··· TASK MATERIAL

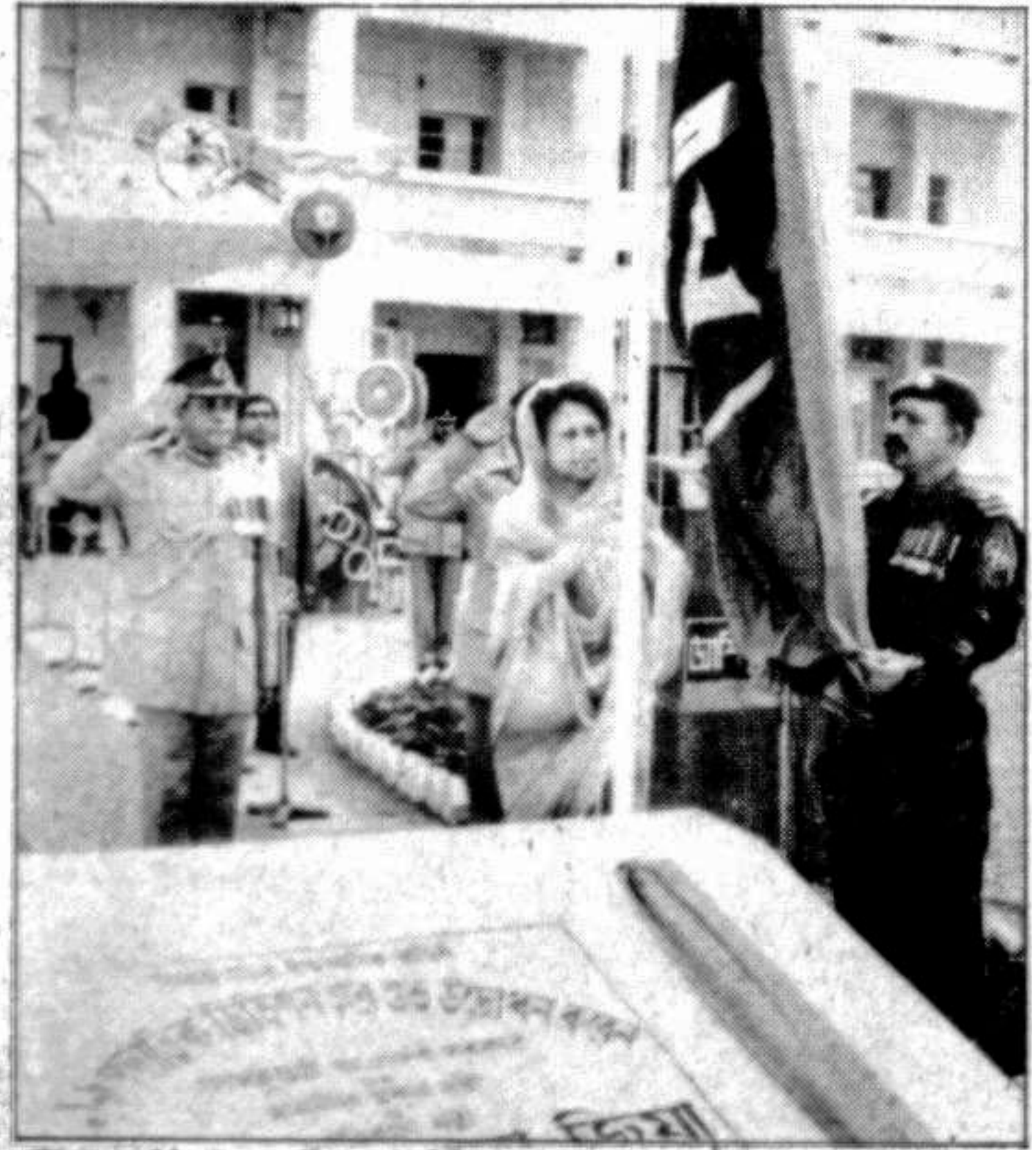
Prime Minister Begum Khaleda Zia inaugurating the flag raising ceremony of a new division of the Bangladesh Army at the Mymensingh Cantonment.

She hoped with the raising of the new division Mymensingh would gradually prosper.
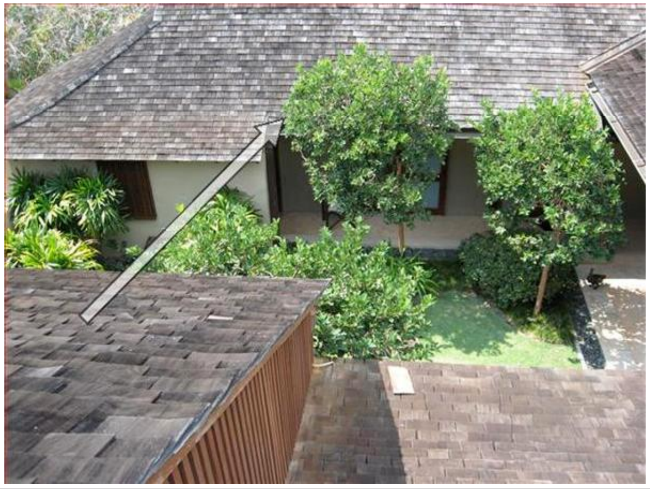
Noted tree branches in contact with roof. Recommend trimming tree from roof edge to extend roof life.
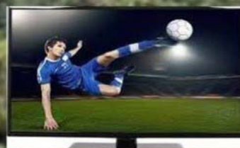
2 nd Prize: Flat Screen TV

······
··· TASK MATERIAL

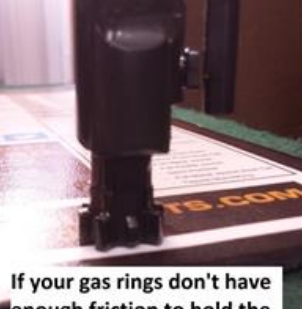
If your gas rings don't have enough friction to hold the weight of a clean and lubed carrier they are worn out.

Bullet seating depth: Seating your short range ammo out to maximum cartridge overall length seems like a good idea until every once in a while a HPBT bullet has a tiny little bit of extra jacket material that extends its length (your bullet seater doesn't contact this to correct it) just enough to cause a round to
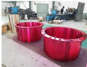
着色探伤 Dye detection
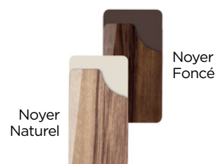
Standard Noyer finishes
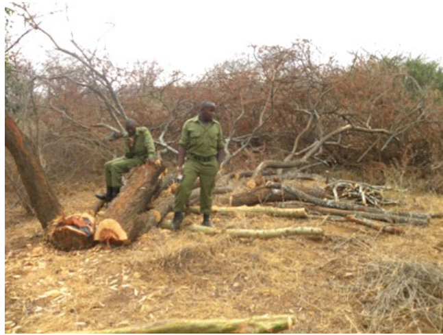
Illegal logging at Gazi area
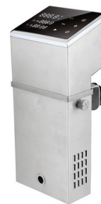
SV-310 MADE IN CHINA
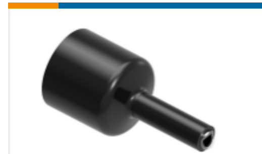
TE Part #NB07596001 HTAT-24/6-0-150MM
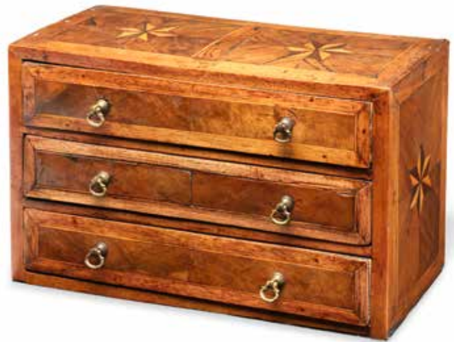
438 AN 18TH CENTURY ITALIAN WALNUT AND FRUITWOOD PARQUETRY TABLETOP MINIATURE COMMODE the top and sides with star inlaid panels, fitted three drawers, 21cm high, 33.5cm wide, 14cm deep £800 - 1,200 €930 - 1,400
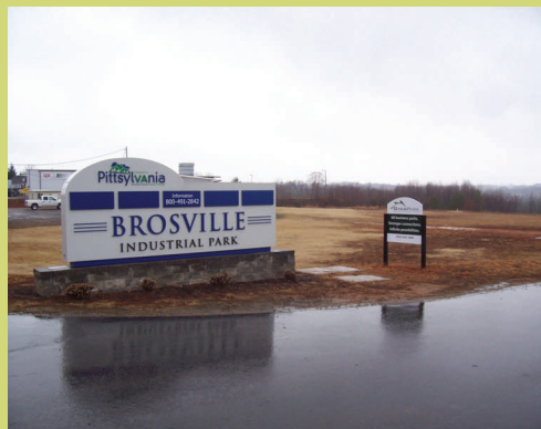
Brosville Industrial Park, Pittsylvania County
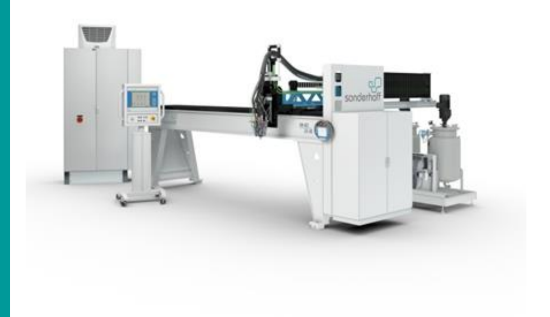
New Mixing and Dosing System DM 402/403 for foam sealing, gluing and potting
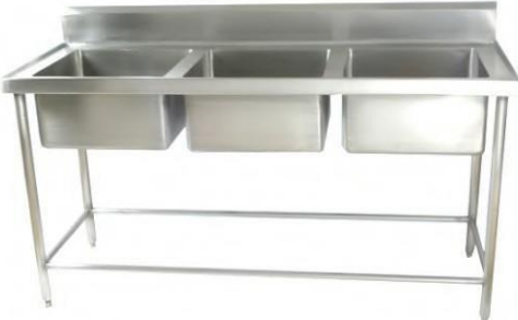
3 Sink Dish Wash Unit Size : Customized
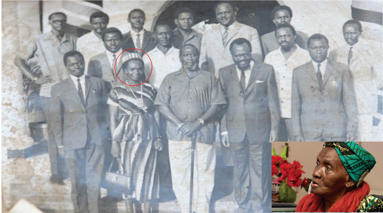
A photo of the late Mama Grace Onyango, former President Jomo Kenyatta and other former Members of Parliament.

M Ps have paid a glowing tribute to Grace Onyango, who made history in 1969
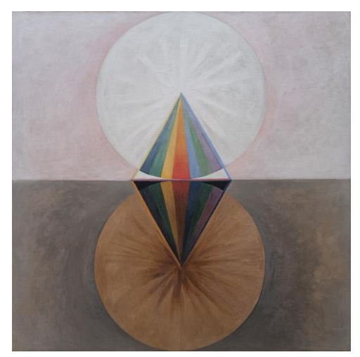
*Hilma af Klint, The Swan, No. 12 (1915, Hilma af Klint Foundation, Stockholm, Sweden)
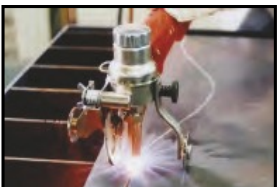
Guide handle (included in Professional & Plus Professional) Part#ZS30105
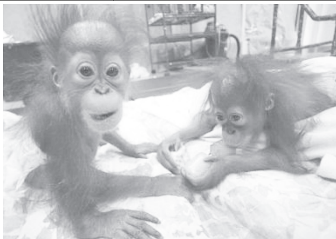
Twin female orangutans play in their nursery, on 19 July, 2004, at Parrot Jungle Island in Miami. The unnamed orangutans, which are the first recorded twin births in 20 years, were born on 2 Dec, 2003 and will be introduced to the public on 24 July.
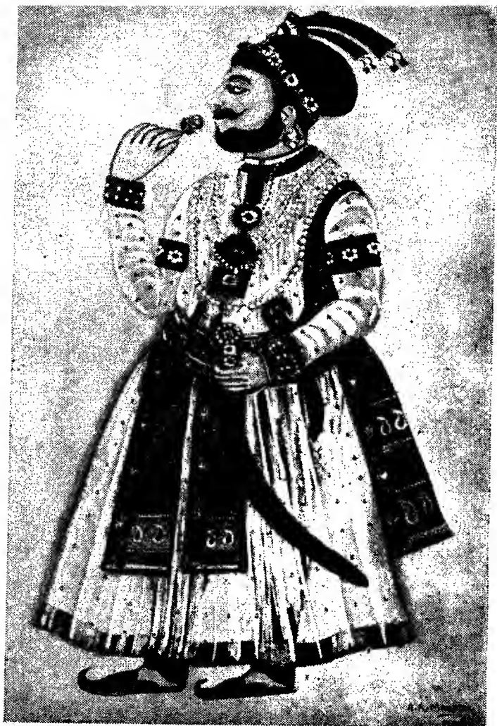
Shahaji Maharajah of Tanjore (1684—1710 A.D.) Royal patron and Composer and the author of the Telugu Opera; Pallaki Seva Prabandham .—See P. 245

······
··· TASK MATERIAL

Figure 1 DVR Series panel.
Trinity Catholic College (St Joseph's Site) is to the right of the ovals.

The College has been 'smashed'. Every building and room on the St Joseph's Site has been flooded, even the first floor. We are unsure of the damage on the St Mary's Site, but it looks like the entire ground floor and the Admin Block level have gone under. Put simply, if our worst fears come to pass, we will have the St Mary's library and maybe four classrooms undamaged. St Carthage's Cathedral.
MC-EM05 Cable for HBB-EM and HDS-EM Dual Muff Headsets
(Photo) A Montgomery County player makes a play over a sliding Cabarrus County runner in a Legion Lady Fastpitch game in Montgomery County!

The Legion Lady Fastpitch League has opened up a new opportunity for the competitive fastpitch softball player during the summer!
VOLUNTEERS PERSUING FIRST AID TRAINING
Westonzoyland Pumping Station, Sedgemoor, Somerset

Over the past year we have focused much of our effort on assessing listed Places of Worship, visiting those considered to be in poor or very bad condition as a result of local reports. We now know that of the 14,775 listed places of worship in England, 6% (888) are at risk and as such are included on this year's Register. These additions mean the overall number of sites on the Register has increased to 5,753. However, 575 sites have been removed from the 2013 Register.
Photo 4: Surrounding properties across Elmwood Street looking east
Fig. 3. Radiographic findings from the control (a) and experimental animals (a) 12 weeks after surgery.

······

Above are the records. Copy only the lines from the one with "Foundation, Stockholm, Sweden)" through the one with "Twin female orangutans", exactly, with no pictures.

SOLUTION BELOW.
*Hilma af Klint, The Swan, No. 12 (1915, Hilma af Klint Foundation, Stockholm, Sweden)
Guide handle (included in Professional & Plus Professional) Part#ZS30105
Twin female orangutans play in their nursery, on 19 July, 2004, at Parrot Jungle Island in Miami. The unnamed orangutans, which are the first recorded twin births in 20 years, were born on 2 Dec, 2003 and will be introduced to the public on 24 July.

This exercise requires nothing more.